Verse 14
"For God will bring every work into judgment, with every hidden thing, whether it be good, or whether it be evil." A more positive statement of the Biblical doctrine of the Eternal Judgment is to be found nowhere else in the Old Testament. The fact of God's eventual judgment of the whole world is a cardinal principle of Christianity, one of the fundamentals (Hebrews 6:2). This announcement of it at the end of Solomon's book makes it a climax. It could very well have been that his conviction of this certainty was the very thing that finally brought him to his senses. Delitzsch agreed with this. "This certainty of the final judgment at last was that which finally brought Solomon out of the labyrinth of his skepticism."[52] It will also do the same thing for every honest and intelligent man who will contemplate it.
As Hendry wrote, "The resolution of the discord" (the making of all things right: the just assignment of rewards for the righteous and punishments for the wicked, which shall take place only in the world to come) - "All this shall await the time when faith will give place to sight and every hidden thing will be revealed; so we may say of these last words of Ecclesiastes, that they foreshadow the resurrection."[53]
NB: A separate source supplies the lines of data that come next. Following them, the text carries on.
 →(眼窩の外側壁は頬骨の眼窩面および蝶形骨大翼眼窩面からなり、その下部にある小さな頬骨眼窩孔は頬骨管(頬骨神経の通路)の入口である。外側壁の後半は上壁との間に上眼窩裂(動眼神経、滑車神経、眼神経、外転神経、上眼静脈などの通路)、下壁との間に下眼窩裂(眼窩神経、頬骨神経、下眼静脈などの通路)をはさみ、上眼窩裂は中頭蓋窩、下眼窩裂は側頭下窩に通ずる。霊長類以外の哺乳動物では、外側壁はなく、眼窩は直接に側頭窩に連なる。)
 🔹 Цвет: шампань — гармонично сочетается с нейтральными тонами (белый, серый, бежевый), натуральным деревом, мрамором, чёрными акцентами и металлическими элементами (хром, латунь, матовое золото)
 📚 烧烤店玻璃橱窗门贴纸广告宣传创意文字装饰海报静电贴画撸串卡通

"Solomon's conclusion is that true religion is the only way to true happiness."[54] Man may chase the rainbows in any direction that he chooses, but apart from the love and service of God, only the rottenness of a grave awaits him. The verdict of God's truth against any other way but the true one is `vanity of vanities.' Why should anyone doubt it and throw his life away in the pursuit of life's beckoning butterflies, all of which can only disappoint and destroy him?
For a more extensive discussion of The Judgment regarding (1) its place in the Bible, (2) the necessity for it, (3) the occasion of it, (4) its importance as a foundational doctrine of Jesus Christ, (5) the reasons for its being a day of terror and sorrow for "all the tribes of the earth,,' etc., see Vol. 10 (Hebrews) of our New Testament Commentaries, pp. 115,116.
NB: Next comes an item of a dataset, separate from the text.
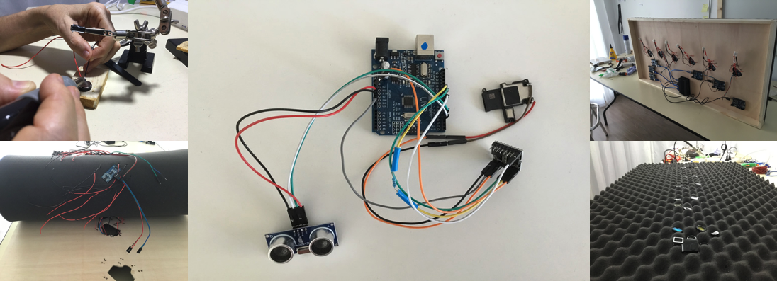 Los paneles se componen de altavoces dispuestos de manera organizada sobre un soporte de espuma acústica fonoabsorbente. Se escuchan paisajes sonoros a modo de cartografías que inciden en la diversidad sonora propia de estos dispositivos, accionados por sensores conectados a sistemas electrónicos de reproducción.

Our study of this amazingly powerful chapter of God's Word would not be complete without a summary of the great doctrines of Christianity that are either expressly declared, necessarily implied, or both, in these verses. Here they are:
The Existence and Power of God
God is the Creator
God is the creator of Man
Immortality of the Soul
The Resurrection of the Dead
God is the Shepherd of Israel
The Existence of Moses' Law
God's Commands Available in that Law
That Law a Divine Revelation
Man's Accountability to God
The Eternal Judgment (Heaven and Hell)
Rewards and Punishments
It would be difficult indeed to find another chapter in the whole Bible with a more impressive constellation of stellar Christian doctrines than that which appears here. Blessed be the name of the Lord. Amen!